**AIM OF THE TASK**:
Write out, with no changes, every line starting at the one that contains "一週間後、原因が判明しました" and ending at the last line of the data below. Leave pictures out.

**SUPPLIED ENTRIES**:
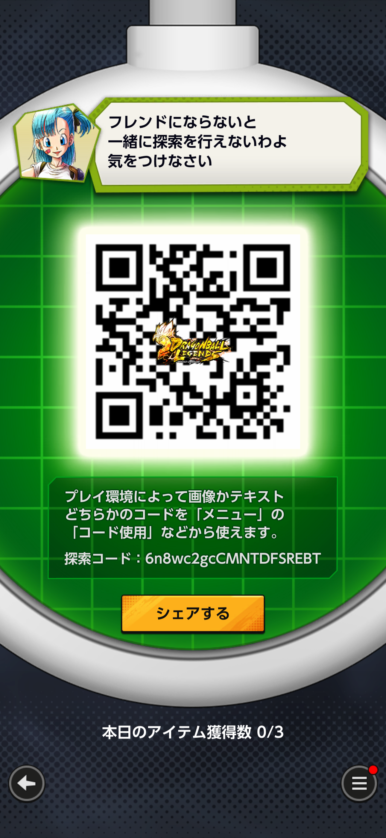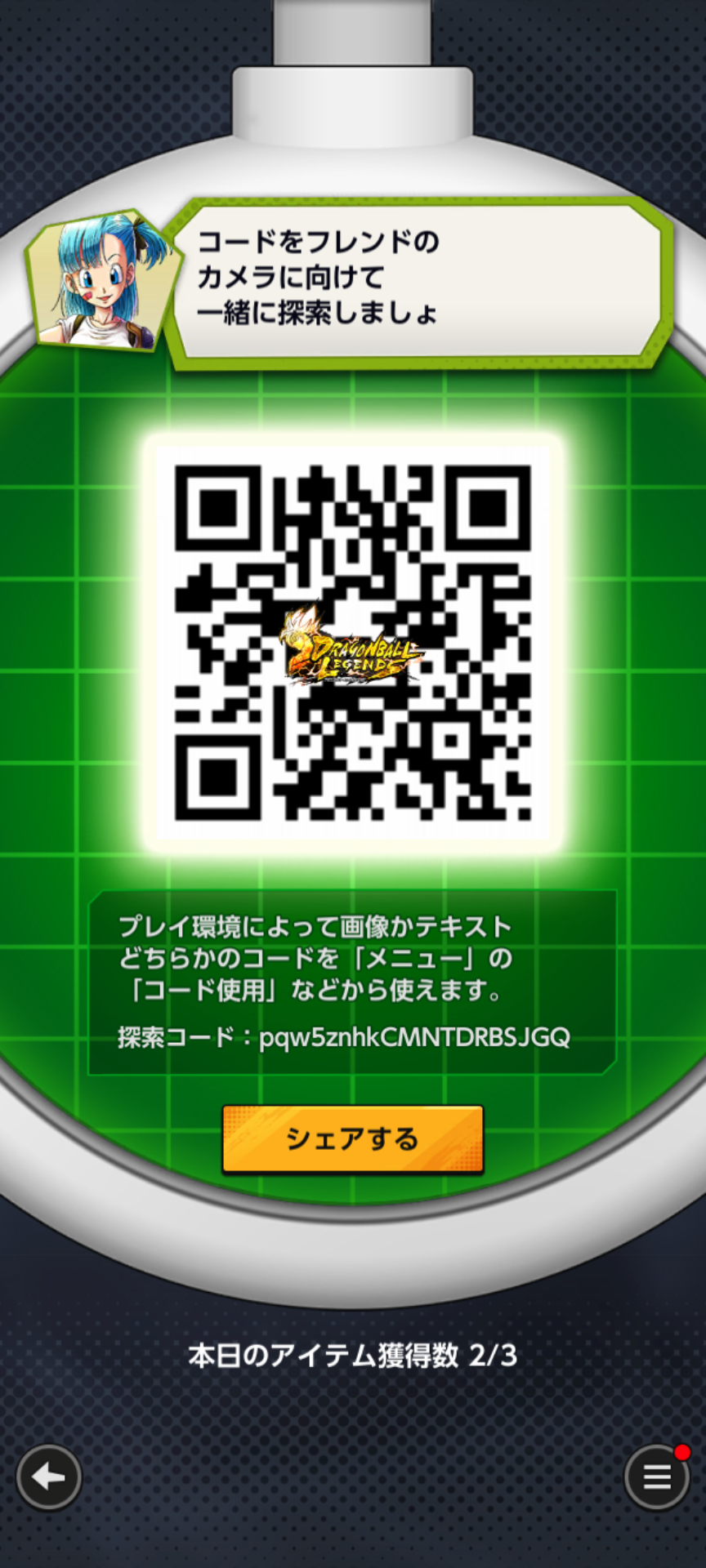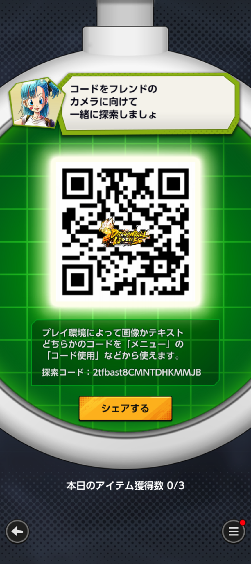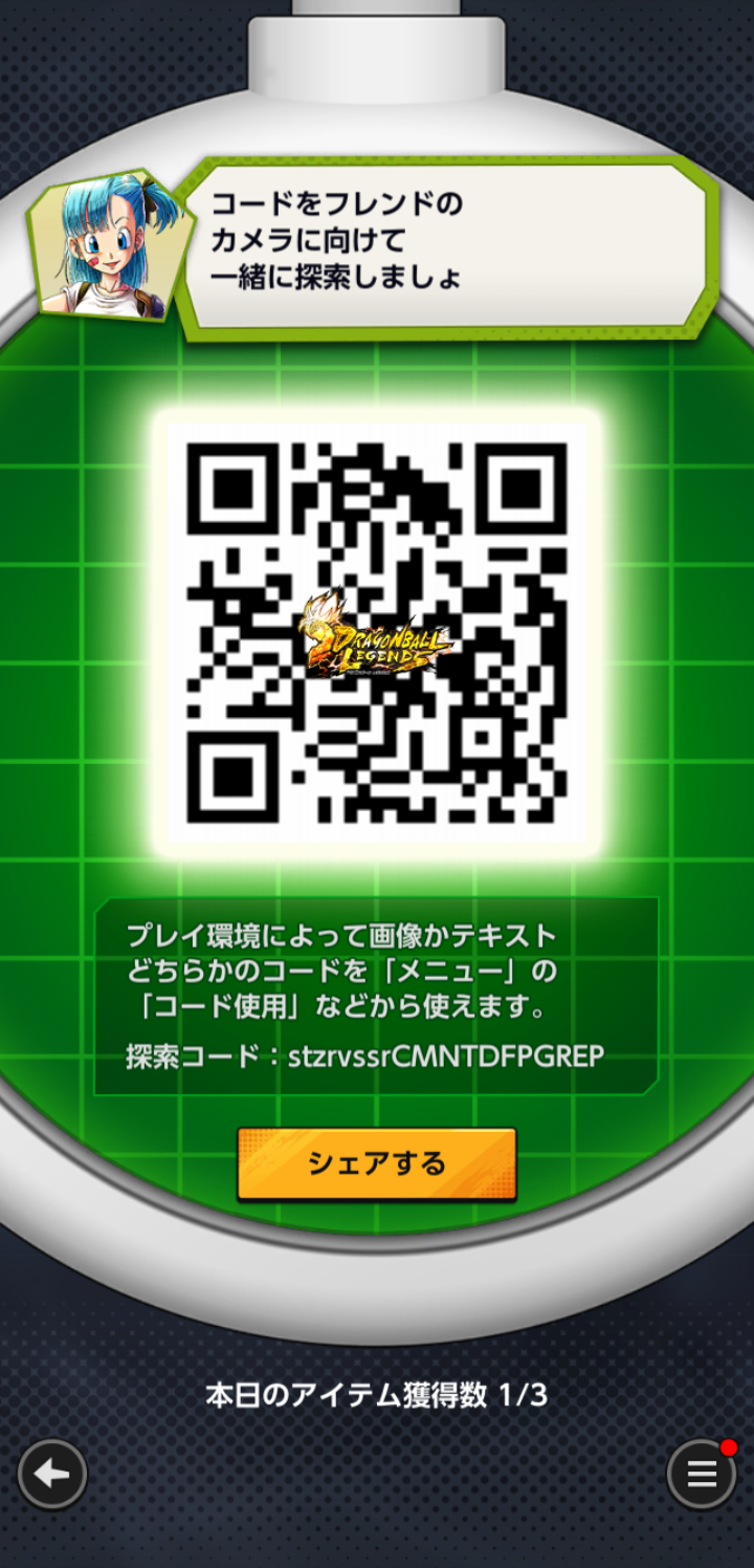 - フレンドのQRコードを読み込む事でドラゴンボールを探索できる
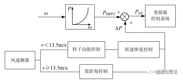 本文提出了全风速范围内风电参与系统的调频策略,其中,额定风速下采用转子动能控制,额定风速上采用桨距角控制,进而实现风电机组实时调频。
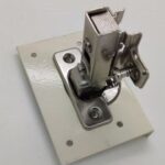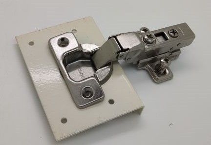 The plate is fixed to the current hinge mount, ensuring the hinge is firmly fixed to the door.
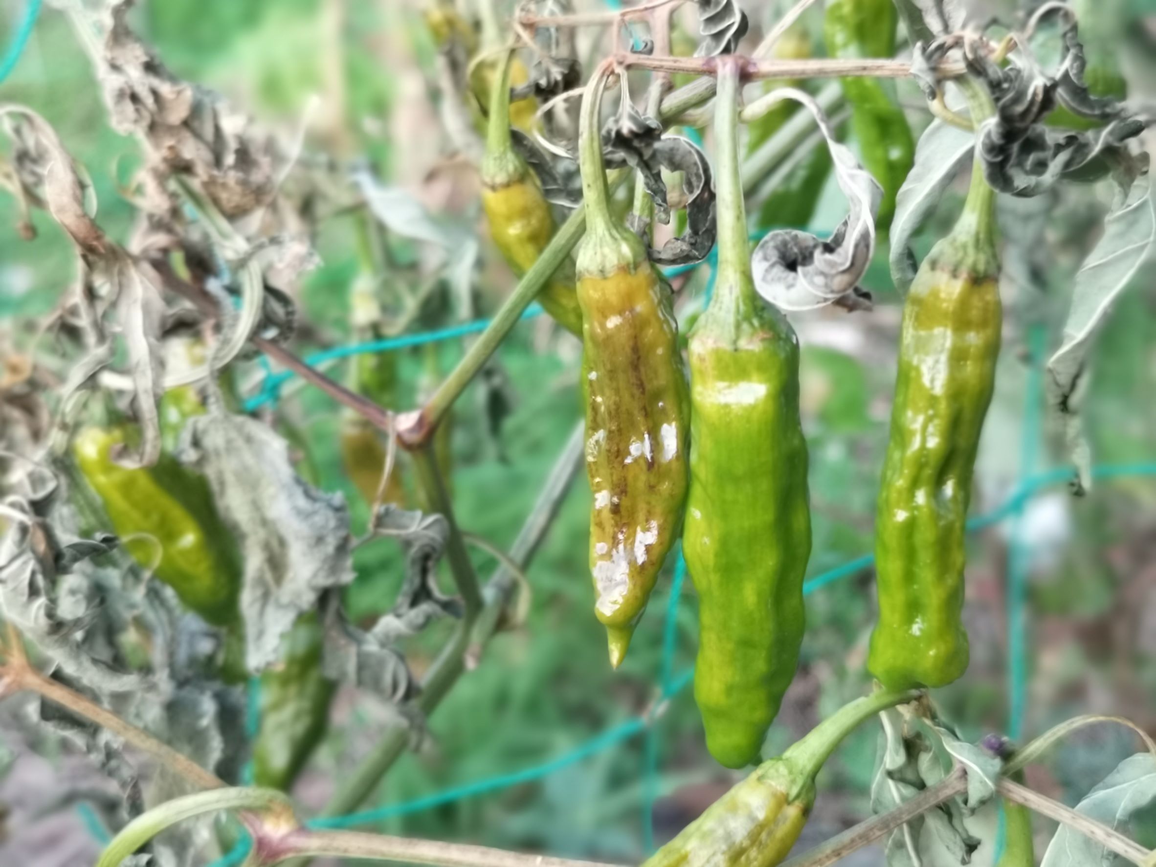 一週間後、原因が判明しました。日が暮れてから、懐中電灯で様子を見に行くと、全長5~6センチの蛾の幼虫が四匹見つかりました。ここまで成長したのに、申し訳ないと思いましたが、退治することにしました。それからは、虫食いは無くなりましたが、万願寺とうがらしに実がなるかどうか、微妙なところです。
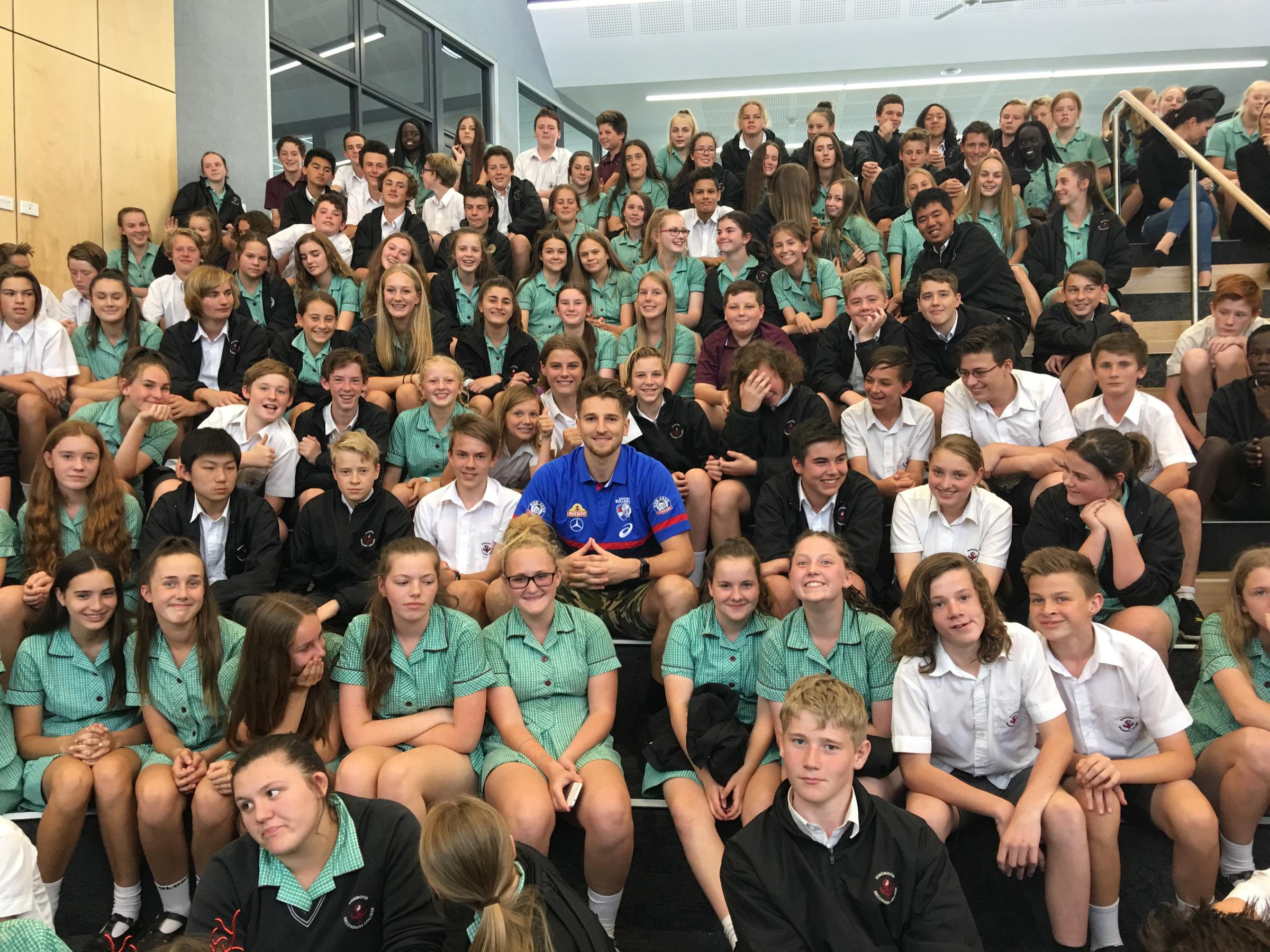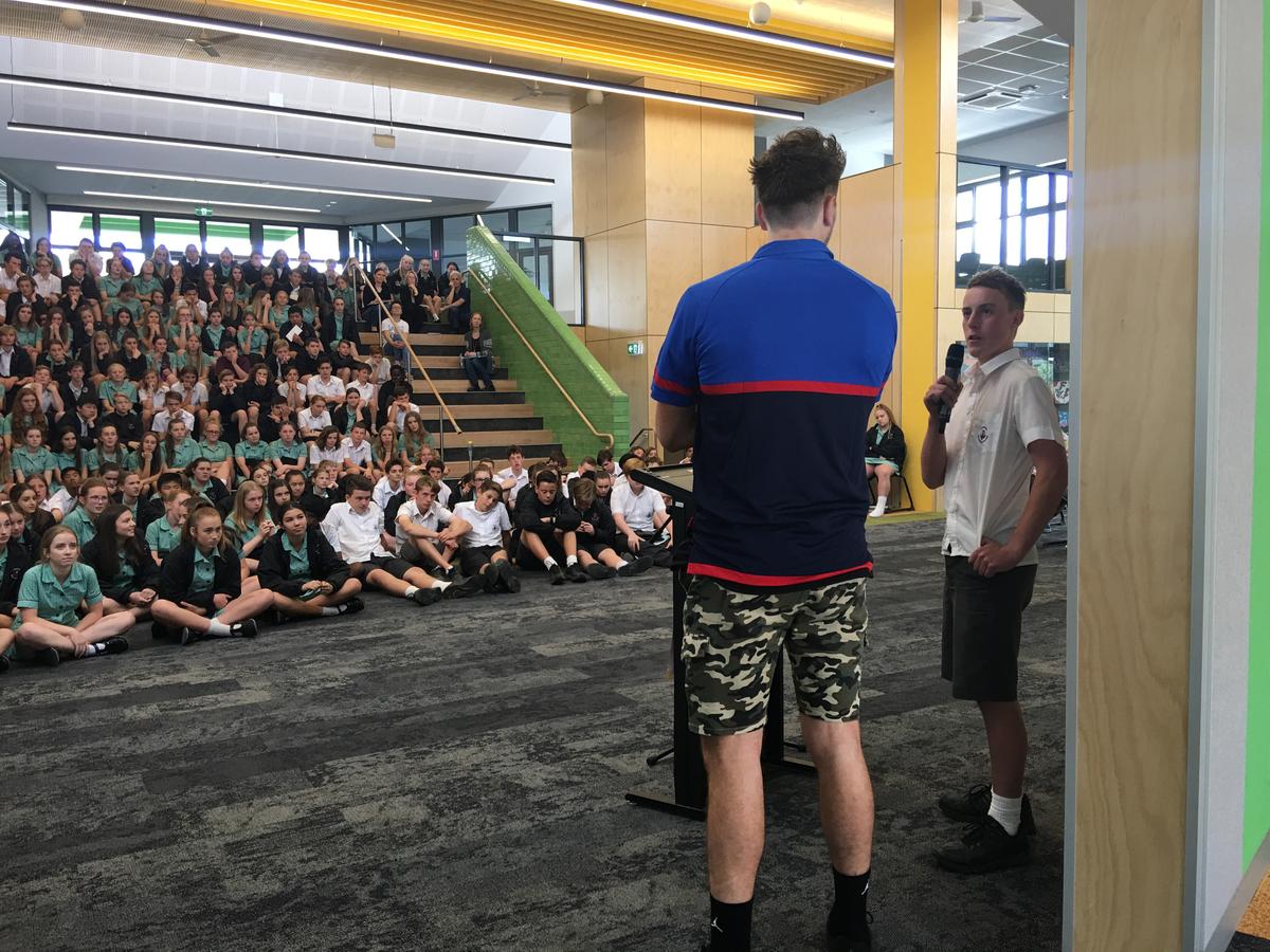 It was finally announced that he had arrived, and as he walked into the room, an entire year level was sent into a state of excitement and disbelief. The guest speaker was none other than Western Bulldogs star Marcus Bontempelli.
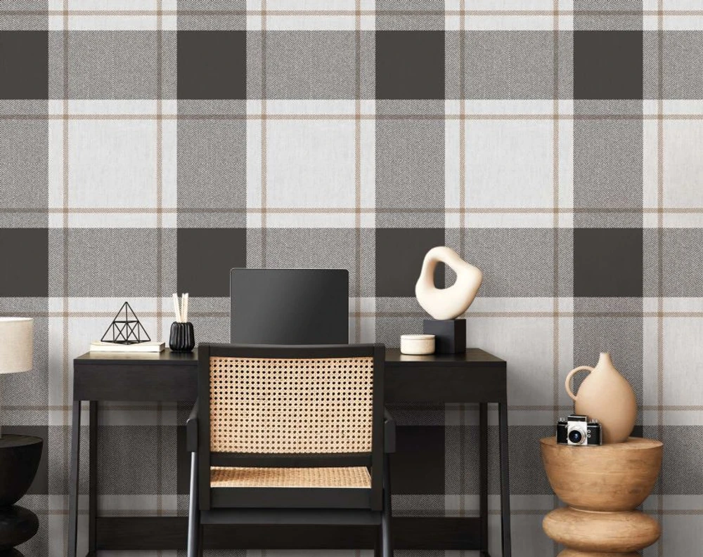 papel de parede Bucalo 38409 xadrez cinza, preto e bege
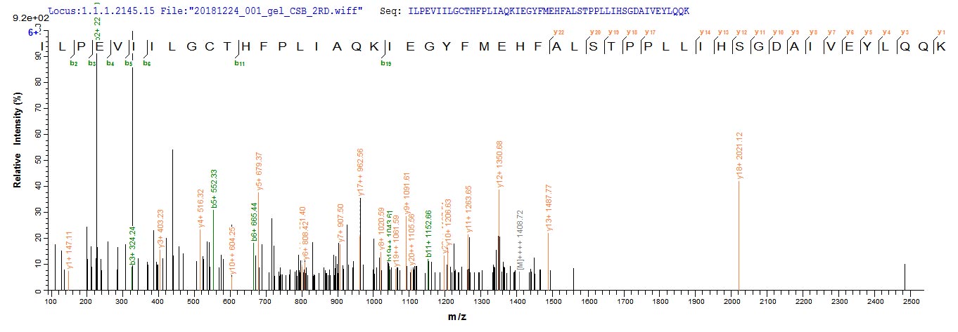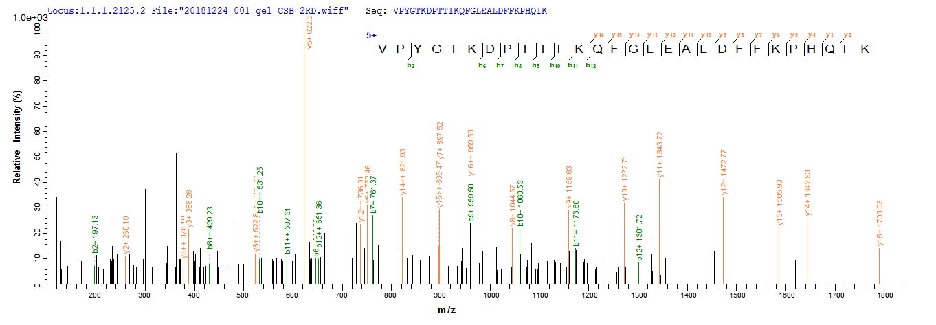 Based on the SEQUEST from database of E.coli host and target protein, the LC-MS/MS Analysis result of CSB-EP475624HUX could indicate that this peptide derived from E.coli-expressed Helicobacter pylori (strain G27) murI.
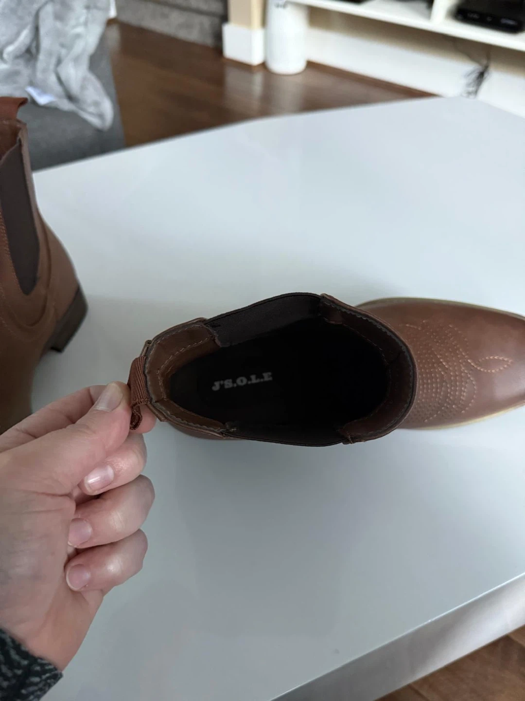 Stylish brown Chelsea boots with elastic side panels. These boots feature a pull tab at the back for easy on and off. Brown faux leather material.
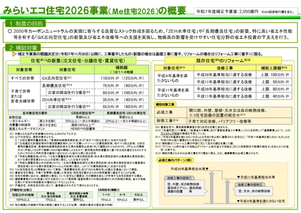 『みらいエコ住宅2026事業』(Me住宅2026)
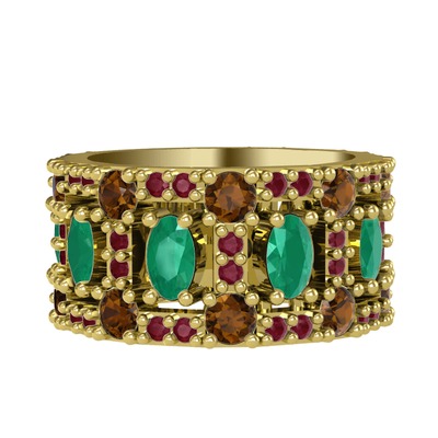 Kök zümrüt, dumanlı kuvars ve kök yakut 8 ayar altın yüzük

**OUTPUT FOR THIS TASK**:
 一週間後、原因が判明しました。日が暮れてから、懐中電灯で様子を見に行くと、全長5~6センチの蛾の幼虫が四匹見つかりました。ここまで成長したのに、申し訳ないと思いましたが、退治することにしました。それからは、虫食いは無くなりましたが、万願寺とうがらしに実がなるかどうか、微妙なところです。
 It was finally announced that he had arrived, and as he walked into the room, an entire year level was sent into a state of excitement and disbelief. The guest speaker was none other than Western Bulldogs star Marcus Bontempelli.
 papel de parede Bucalo 38409 xadrez cinza, preto e bege
 Based on the SEQUEST from database of E.coli host and target protein, the LC-MS/MS Analysis result of CSB-EP475624HUX could indicate that this peptide derived from E.coli-expressed Helicobacter pylori (strain G27) murI.
 Stylish brown Chelsea boots with elastic side panels. These boots feature a pull tab at the back for easy on and off. Brown faux leather material.
 『みらいエコ住宅2026事業』(Me住宅2026)
 Kök zümrüt, dumanlı kuvars ve kök yakut 8 ayar altın yüzük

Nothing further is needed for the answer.